Standard-dose (SD) cytarabine arabinoside (Ara-C) combined with anthracyclines (i.e., “7 + 3” scheme) is the most commonly used AML induction protocol. The literature of high-dose (HD) Ara-C used for AML chemotherapy was first published in 1985. Several randomized trials were performed; the majority failed to draw a conclusion of significant efficacy improvement, as reported during 1991–2011.¹¹ However, prolonged follow-up time subsequently identified subsets of patients benefiting from HD-Ara-C, like AML with t(8;21)¹² and Ras-pathway mutations.¹³ Furthermore, most of the earlier studies did not comprehensively integrate the genomics-based prognostication scheme. Thus, the conclusions could not reflect the concept of risk-adapted therapy using HD-Ara-C. Development of massively parallel sequencing methodology has increasingly emphasized the risk-stratification oriented mode of treatment.

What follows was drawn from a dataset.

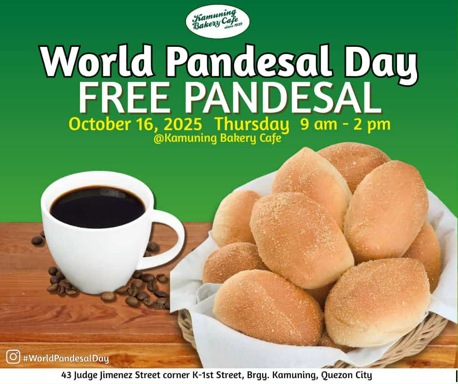 The event will give away 100,000 free pandesal to honor the country’s national bread and to raise awareness about hunger and food security, in line with the United Nations’ “World Food Day.”

It has reported that the cellular uptake of Ara-C was insufficient in FLT3-ITD⁽⁺⁾ K562 cells, with no significant changes of intracellular deoxycytidine kinase (DCK) and cytidine deaminase (CDA) responsible for metabolism of Ara-C, and transcription level of multidrug resistance protein 1 (MDR1) related to drug efflux.¹⁴ Another study described that FLT3-ITD decreased the expression of equilibrative nucleoside transporter 1 (ENT1) by upregulating hypoxia inducible factor-1 alpha subunit (HIF-1α), compromising Ara-C uptake by leukemic cells. In addition, FLT3-ITD also drives a specific Ara-C resistance mechanism via the downstream molecule RUNX3.¹⁵ In view of the linkage between FLT3-ITD⁽⁺⁾ with distinctive Ara-C insensitivity, we wonder whether increasing Ara-C in the induction period can improve outcome of NPM1^mut/FLT3-ITD⁽⁺⁾ populations. According to a review regarding dose-efficacy relationship of Ara-C, a level of ID-Ara-C in each treatment cycle in AML is sufficient, while HD-Ara-C seems to be of little significance.¹¹

In this study, we retrospectively analyzed the clinical characteristics of NPM1^mut patients and data of next-generation sequencing (NGS) mutation spectrum concerning 112 genes related to blood disease, synthetically including SD-Ara-C 100–200 mg/m² or ID-Ara-C 1000–2000 mg/m² induction as covariates. We aimed to refine patient subsets carrying potentially poor remission and prognostic characters from this relatively favorable AML subtype, to guide further risk-adapted treatment.

2 PATIENTS AND METHODS

3 RESULTS

3.1 Selection of patients for outcome analysis

We selected a total of 238 NPM1^mut AML patients (105 men and 133 women; median age, 49 years; range, 15–81 years). Among them, 203 NPM1^mut patients who met the following three criteria were included in the remission and prognosis analysis. First, low-dose and no treatment patients were excluded. Only patients who received SD- or ID-Ara-C containing induction regimen were included. As of the time of writing, patients attaining CR who were induced with one or two cycles had undergone at least one cycle of ID- or HD-Ara-C consolidation. Second, favorable- and adverse-risk karyotypes were excluded. Only NK and intermediate-risk abnormal karyotypes were included. Four patients lack of metaphase were screen by fluorescence in situ hybridization and 43 kinds of fusion transcripts, which ruled out recurrent chromosomal translocations. They were mostly likely NK or intermediate-risk abnormal karyotypes because of the very low probability of complex or monosomy karyotypes. The four patients also participated in the analysis. Third, NPM1^mut missense mutations were excluded. Only those with the insertions/deletions (indels) type were included. Additionally, among 10 NPM1^mut missense cases detected in our study, outcome analysis included two cases with NPM1^mut missense who each occurred concomitant with a type-A mutation. The remaining eight cases with NPM1^mut missense were excluded. The flowchart of the selected and excluded cases for the outcome analysis is presented in Figure 1.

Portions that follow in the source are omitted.